DR. AMY: Yeah, again, that is an easy, just comprehensive metabolic panel that the pediatrician can run to see, you know, where are they in magnesium, calcium, potassium, all of those essential minerals. Because if you are deficient in essential minerals, yes, you are going to see that show up as brain fog.  

SANDY: So I love that that you hit food first in your first question that you asked a parent. Is there a reason why you hit food first? Is it because of that masking piece or does that feel like the easiest pillar to hit? So let’s look at that first.  

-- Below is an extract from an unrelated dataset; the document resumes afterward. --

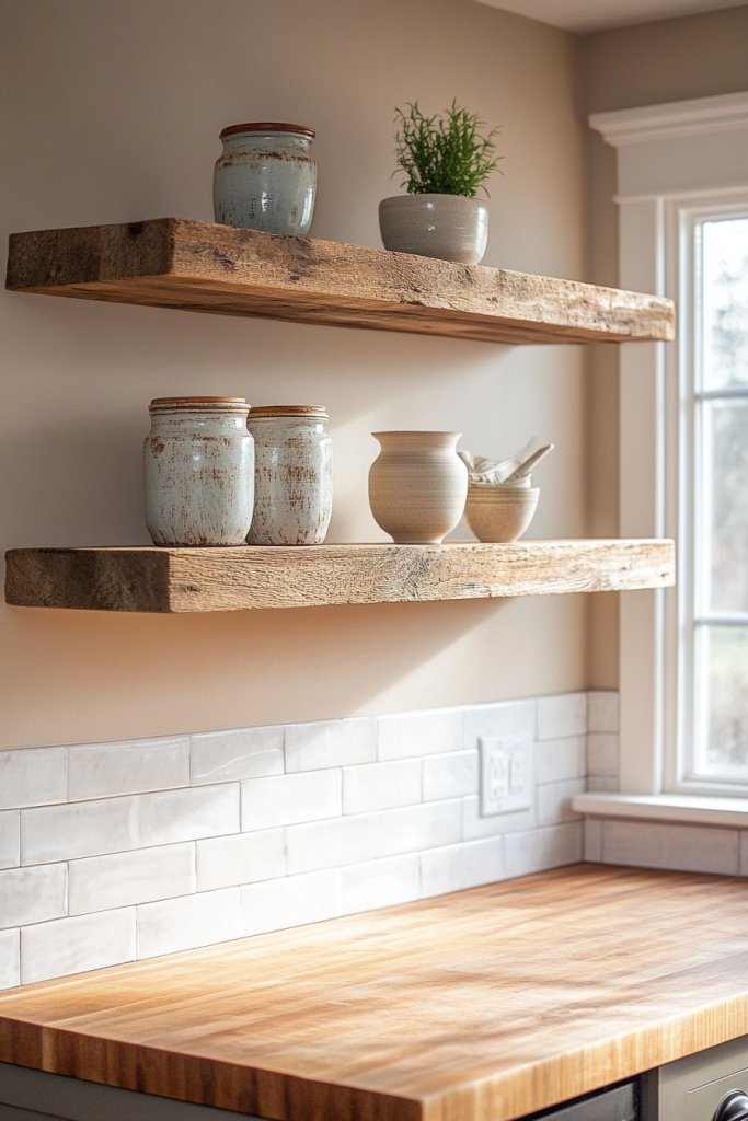 Picture sleek wooden shelves mounted against a painted wall, displaying a curated collection of bowls, jars, and utensils. The natural wood tones tie beautifully with butcher block countertops, creating a seamless rustic look. The open design allows light to flow freely, making the space feel larger and more inviting. It’s like turning your kitchen into a functional gallery.

DR. AMY: It is one of the most likely reasons that we’re seeing symptoms that aren’t really attributed to ADHD. So, let me, let me actually rephrase that. So, the food issues—so food intolerances and food allergies—will show up or can show up like ADHD when it really isn’t ADHD. And food allergies and food sensitivities can exacerbate a true case of ADHD. So your child has it for real and they’re eating things that they’re allergic to or sensitive to will make this— it can make the symptoms worse. So, yes.  

SANDY: Turning the dial up, right? Yes, I’ve got an issue, but we’ve cranked the dial way up to 10.   DR. AMY: Yes. Oh, and I probably should have mentioned my clinical neuroscientist best friend does have ADHD. So when she drinks milk, it’s off the charts. Right? And it’s not necessarily the easiest pillar to change because nobody wants to change how they eat. It’s intractable. People are just, this is how I like to eat. I don’t want to change. It’s why we have a diabetes epidemic in America, right? Because we don’t want to change how we eat. And so… And you can’t make your kid change how they eat unless you’re willing to model that, right? So as parents, we have to be willing to commit to a low-sugar, low-grain diet in the house, right?  

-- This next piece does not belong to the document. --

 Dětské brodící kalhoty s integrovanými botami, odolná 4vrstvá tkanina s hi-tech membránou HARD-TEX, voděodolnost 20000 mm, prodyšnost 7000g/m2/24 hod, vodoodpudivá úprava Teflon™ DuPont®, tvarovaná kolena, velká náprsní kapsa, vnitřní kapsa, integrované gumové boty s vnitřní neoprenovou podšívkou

SANDY: And it’s so hard. I mean, that’s why I asked because I know getting nutrition, especially if you have an autoimmune issue that you’re dealing with, not just ADHD, but just trying to like, you know, figure out how to eat foods that don’t have sugar or gluten in them in the American diet is really overwhelming. It’s so hard without just going raw or organic. You can’t. You know, you really do have to do the circle at the grocery store. You can’t do anything in the center. Like everything in the center is going to have sugar or gluten in it.  

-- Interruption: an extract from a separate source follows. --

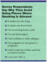 Forty percent of those surveyed answered yes when asked if they had ever avoided going someplace, public or private, because they knew they would be exposed to tobacco smoke, while only 8% said they had ever avoided going somewhere because smoking was not permitted.

DR. AMY: Yeah, right. You have to eat proteins, fruits and vegetables. Proteins, fruits, vegetables, nuts, things that occur naturally, except for grains. I mean, grains are natural. We’ve just adulterated them in America, right? Like we have changed them so that they have a higher gluten content than they had 100 years ago for sure. And so it makes it even worse for our bodies and brains. So yeah.  

SANDY: It can get into a wormhole real fast. Nutrition is hard. But it’s so important. So I love that it’s one of the pillars that you look at. What’s the fourth one?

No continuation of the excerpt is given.